Making the most of the differences among us
Like too many newspapers, the news staff here is predominantly white and predominantly male. It's been that way for years, and efforts to diversify have come and gone with little success. Journalists here teach at A&T and UNCG. Until this summer, we shared a journalist -- Val Nieman -- with A&T; she taught there and ran the student newspaper and she was an editor here. We run a week-long summer journalism workshop for minority high school students. We have a couple scholarships for minority college students who get jobs here when they graduate.

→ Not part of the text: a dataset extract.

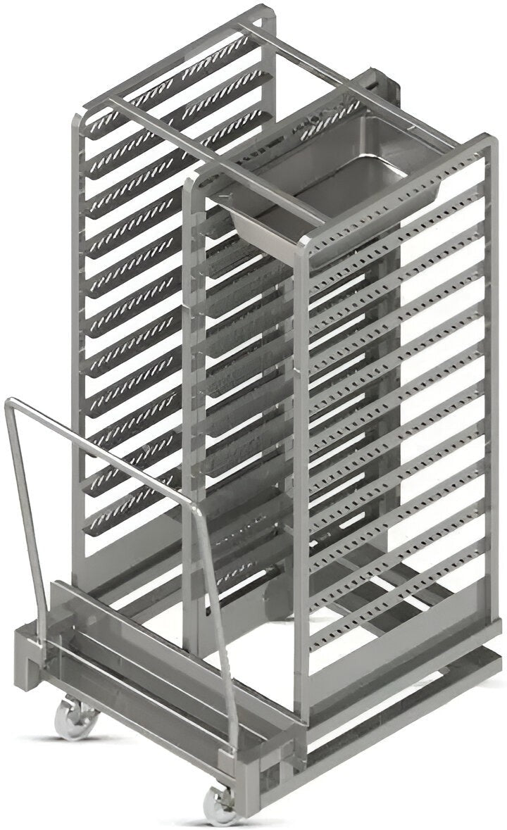 - Even Heat Distribution: The open structure of the rack allows for optimal air circulation around each pan during rethermalization and holding, ensuring even heat distribution. This design minimizes cold spots and ensures that every dish reaches the desired temperature, maintaining food quality and consistency. Even heating is crucial in large-scale operations where maintaining consistent food temperature is essential for safety and satisfaction.

But we get little traction.
Yesterday, a bunch of editors here spent 90 minutes talking deeply about how to diversify our staff. Most of the discussion centered on race, but our overall effort is broader. We want more young people, more women and more free-thinkers. Among other things, we're looking at intensifying our mentoring program, increasing the number of scholarships we sponsor, aggressively tracking and attracting potential candidates, and appointing a full-time editor to recruit and mentor candidates. We haven't figured out how were going to do it, but we're going to do it.
The reason's are obvious: As society changes, so must we. We can't be a good newspaper if we're out of touch with pockets of the community. That includes issues of importance to the young and the elderly, black and Latino and Asian people, poor people, uneducated people...I could keep on going, but you get the idea. It's expensive and time-consuming. And vital.
I'm not suggesting that only Latinos can cover Latinos or that 20-somethings can only write about young people. I'm also not suggesting that members of specific demographic groups all think alike. Both suggestions are simplistic and distracting. The paper benefits by having more people with different experiences, whether based on race, age, upbringing, politics, gender, sexual orientation or any number of factors. Journalists with different experiences will bring smarter, broader-based perspectives in coverage.
I can hear the critics now: we're prostituting ourselves on the altar of political correctness; we're discriminating against able white males; and our liberal slip is showing.
Hardly. We're trying to be more relevant to the entire world of readers. The civic conversation will be enhanced, and the paper will be more relevant.